Sylvie Germain : Magnus - Personnage
Mon personnage préféré est le moinillon de la fin du livre,
celui qui va apporter la paix au personnage principal.
« Frère Jean »,
« vieille femme »,
« homme enchanté »,
« vieux fouineur »,
« encombrant dévot de la Vierge »,
« moine clownesque »,
« vieux gamin en fuite perpétuelle »,
« Blaise Mauperthuis », comme vous voulez.

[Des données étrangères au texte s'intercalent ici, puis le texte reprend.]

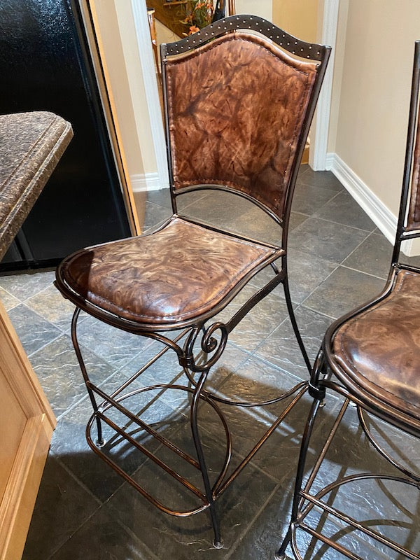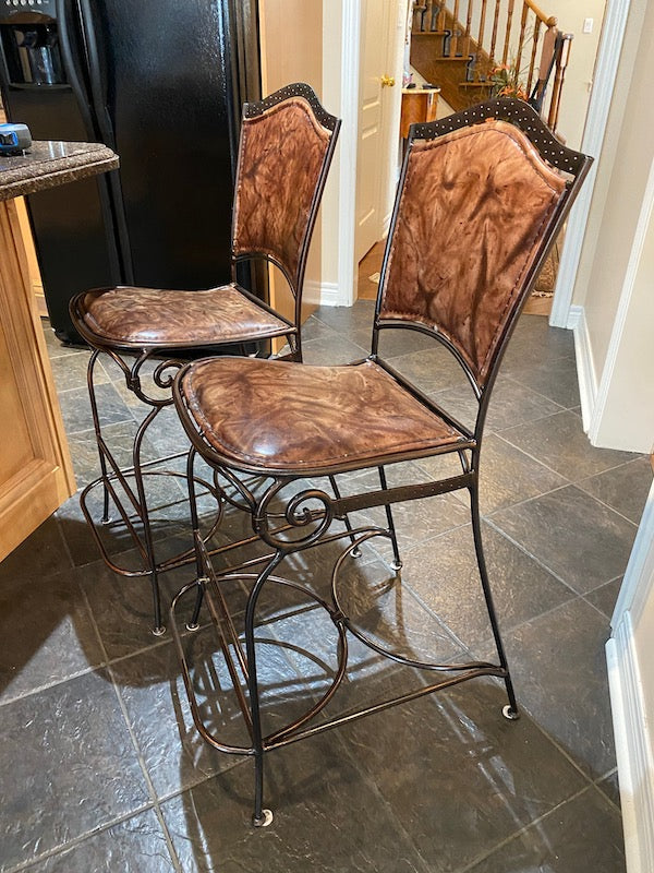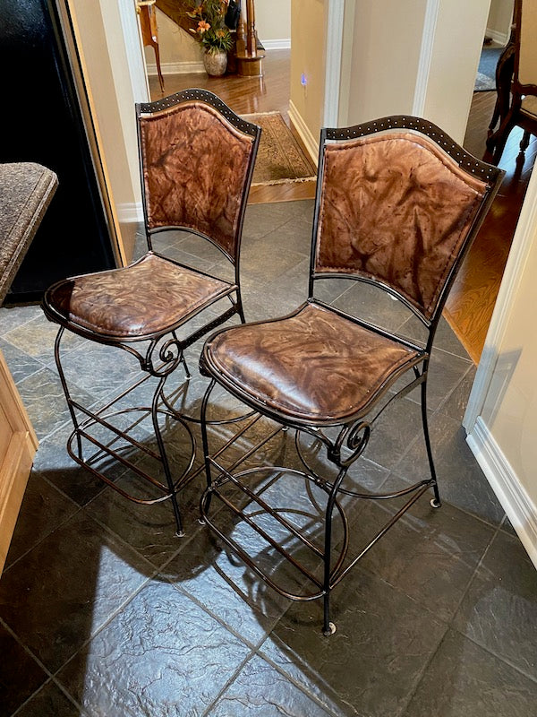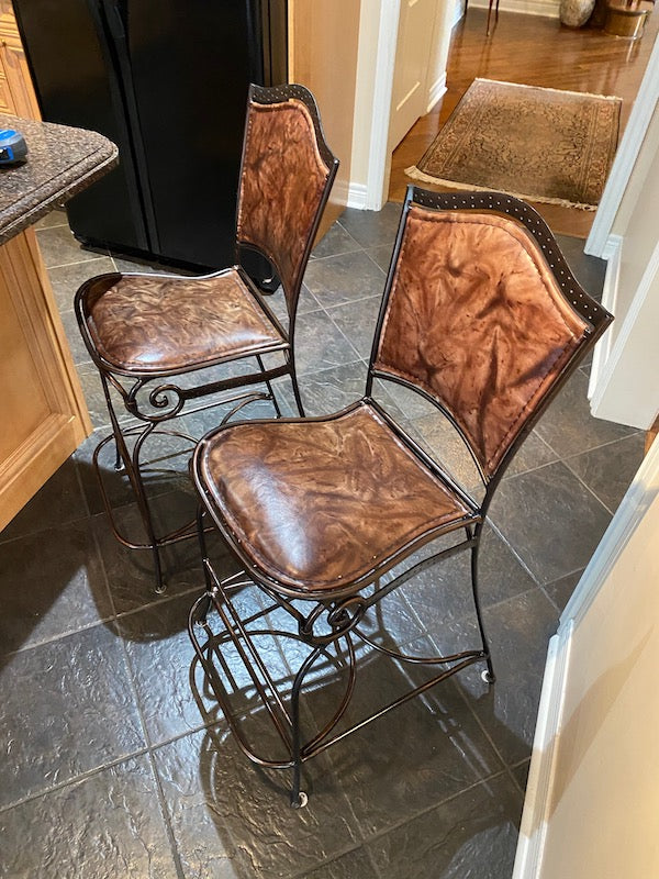 2 Palma Brava Wrought Iron & Leather Bar Stools.
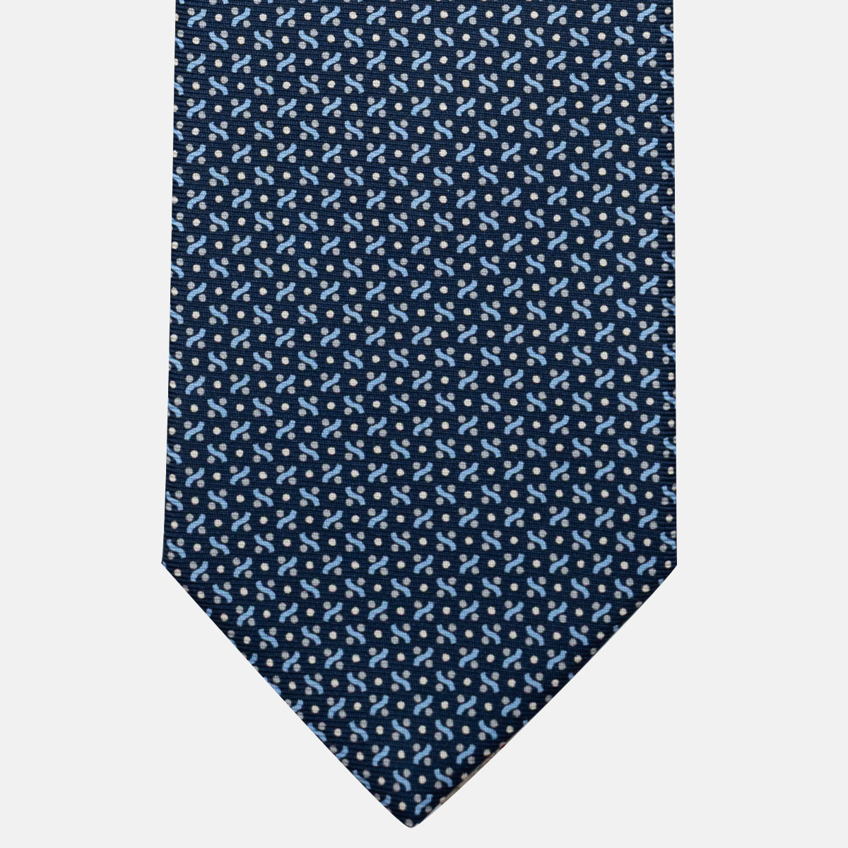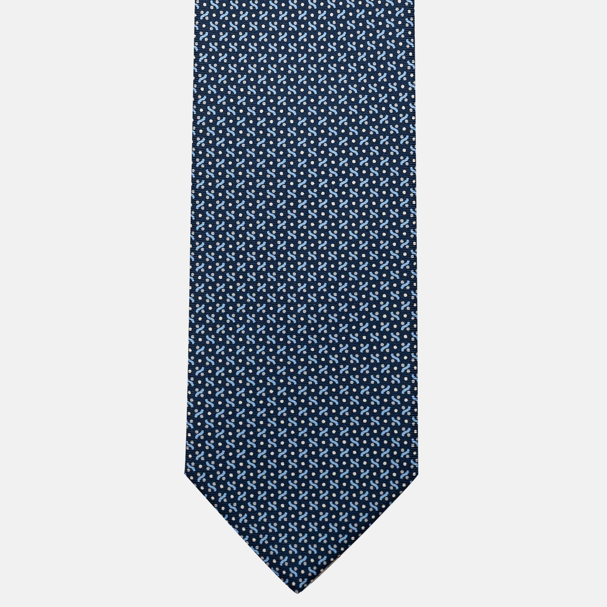 Cravatta 3 pieghe in Seta, Fantasia Geometrica, Blu Grigio - JA056664-8

J’adore l’apparence et le caractère du personnage,
que Magnus d’ailleurs prendra d’abord pour une vieille dame,
mais qui est en fait un vieux monsieur,
et finalement, un paradoxe sur pattes : confère l’oxymore
« très vieux nourrisson ».
Vieux bonhomme enjoué, petit et menu, « loufoque et loquace », au « visage fripé et certainement édenté », s’occupant de « ruches à l’ancienne » plantées au milieu d’une clairière où sifflent et chantent les arbres, au chapeau de paille d‘où sortent en manèges et ritournelles bourdonnants des abeilles apprivoisées, robe élimée « de bure terreuse », d’une démarche « leste » malgré son grand âge, aussi alerte qu’un enfant et qui « s’en va en trottinant, un grésil doré tournoyant autour de son chapeau ».
Et qui a inventé "NOTRE DAME DU VIDE".
« Un farfadet qui court les bois en jouant avec les abeilles,
et qui folâtre avec des mots enluminés
comme les pages d’un antique missel ».